# Japanese Candy



## LogCinco (May 22, 2015)

For those of you operating out of Japan... just, WOW.

No words.


----------



## Totentanz (May 22, 2015)

I have to ask: what exactly were you searching for when that came up?


----------



## RackMaster (May 22, 2015)

Crazy dirty Japanese!  I like it...


----------



## AWP (May 22, 2015)

I'm turning off the Internet. Like, at the source. Nicely done to all involved.


----------



## poison (May 22, 2015)

Haha, wow. Nothing phases them.


----------



## amlove21 (May 22, 2015)

Freefalling said:


> I'm turning off the Internet. Like, at the source.
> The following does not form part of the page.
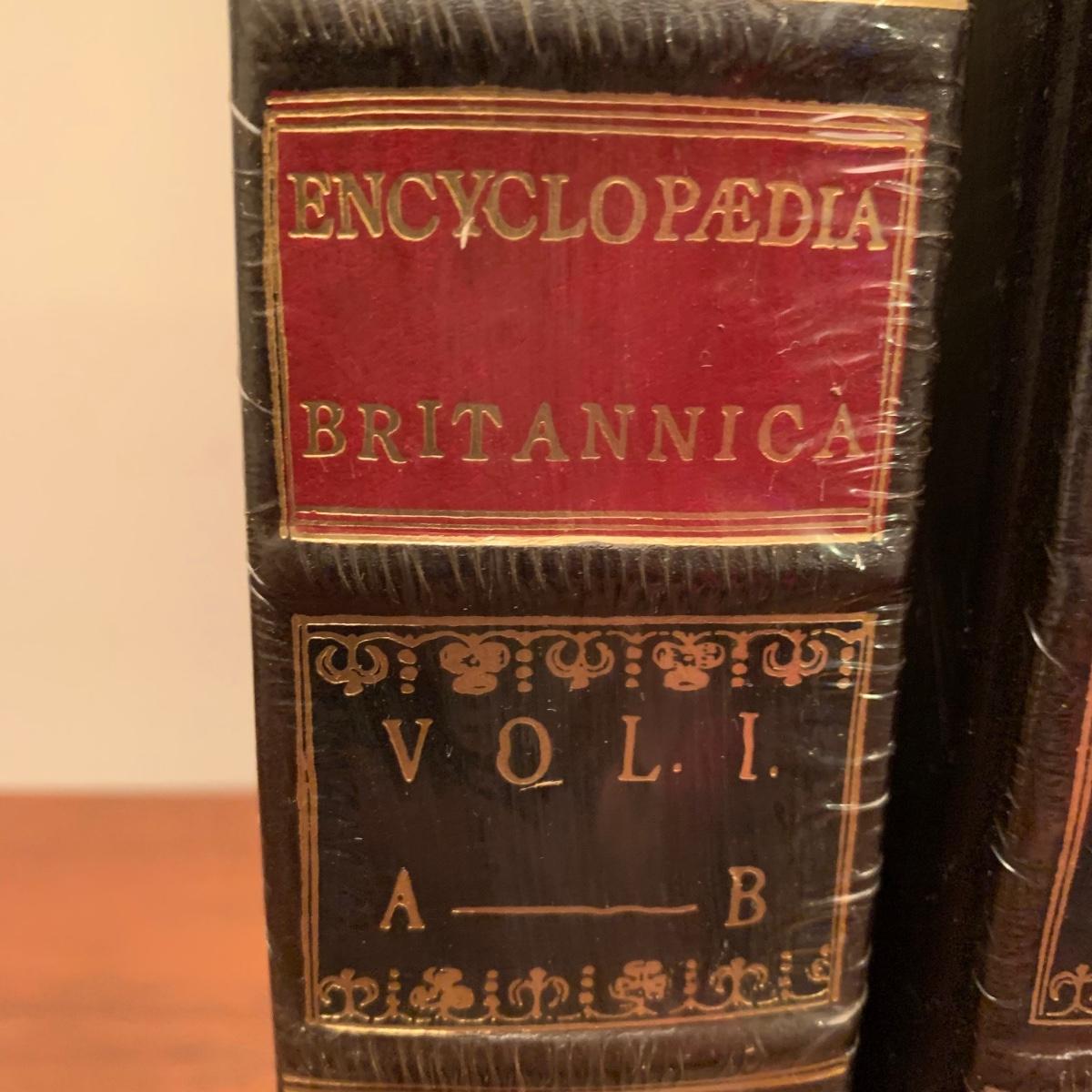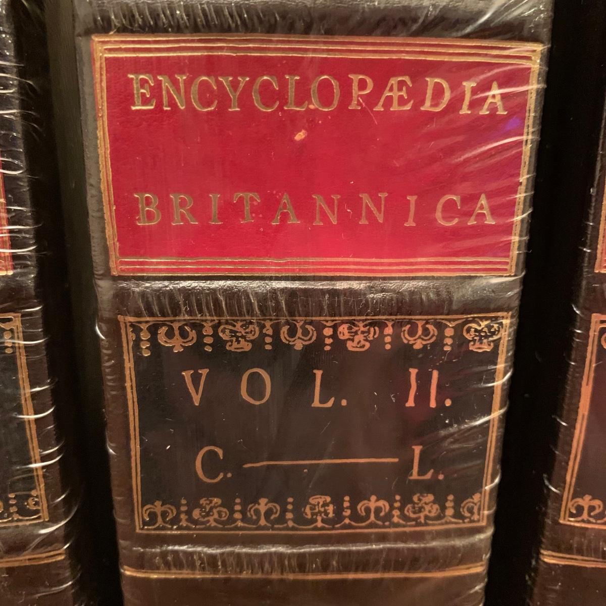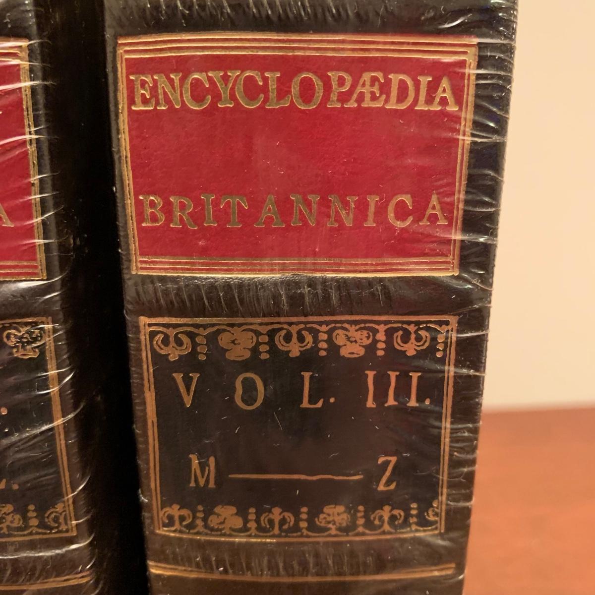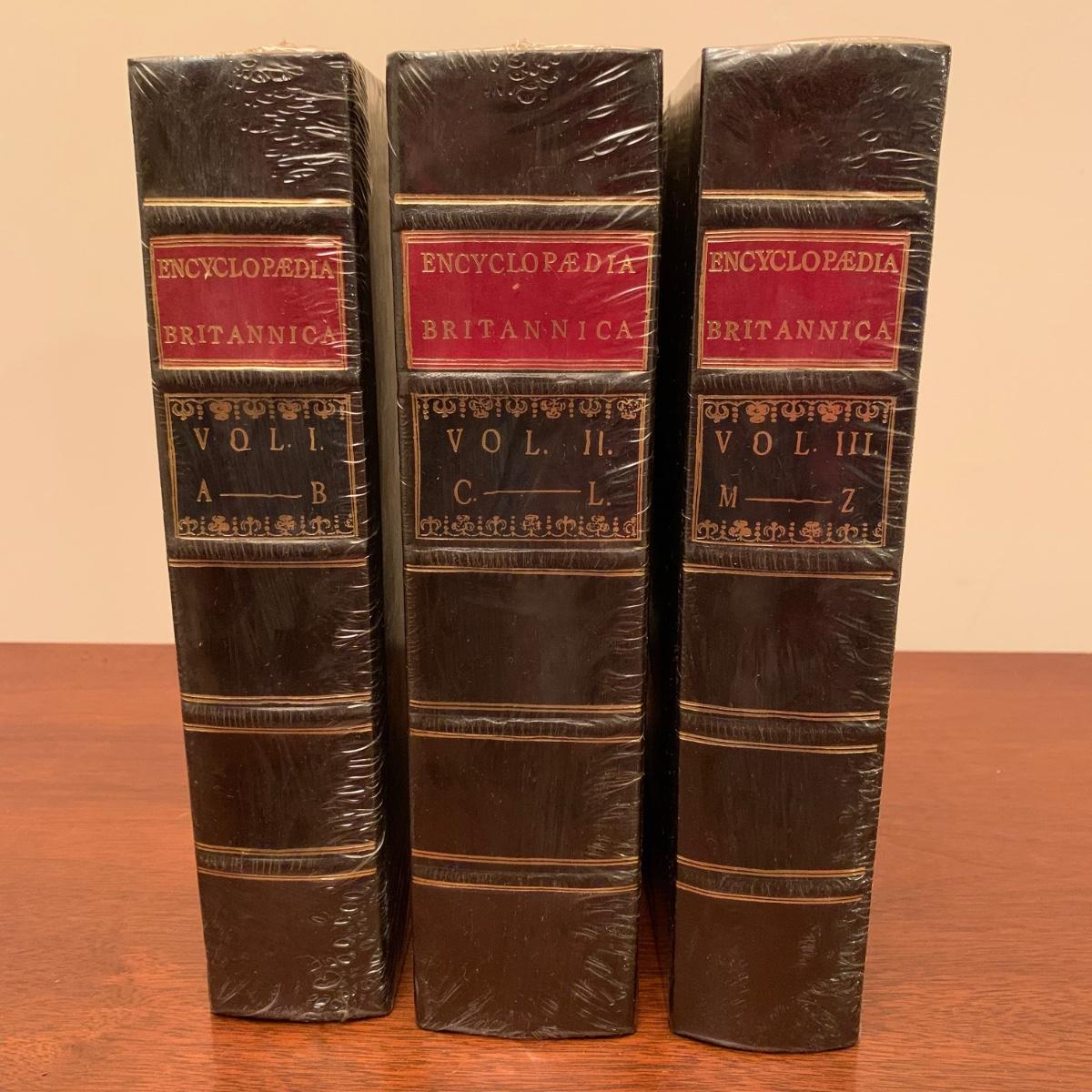 Encyclopædia Britannica hardcover three volume set, unopened as they are each still wrapped in plastic. Each book is approximately 9” x 2.5” x 10.5”.

Nicely done to all involved.


Maybe if we hard reset and restart the internet the weird will go away...

Nope, cause Japan.


----------



## x SF med (May 22, 2015)

amlove21 said:


> Maybe if we hard reset and restart the internet the weird will go away...
> 
> Nope, cause Japan.



If we hard booted the internet, we'd still have ShadowSpear, right?:wall:


----------



## Raptor (May 22, 2015)

Only in Japan...


----------



## LogCinco (May 22, 2015)

Oh, uh, um... nothing in particular.  I know, totally weird, right?!  (quietly deleting search history)


----------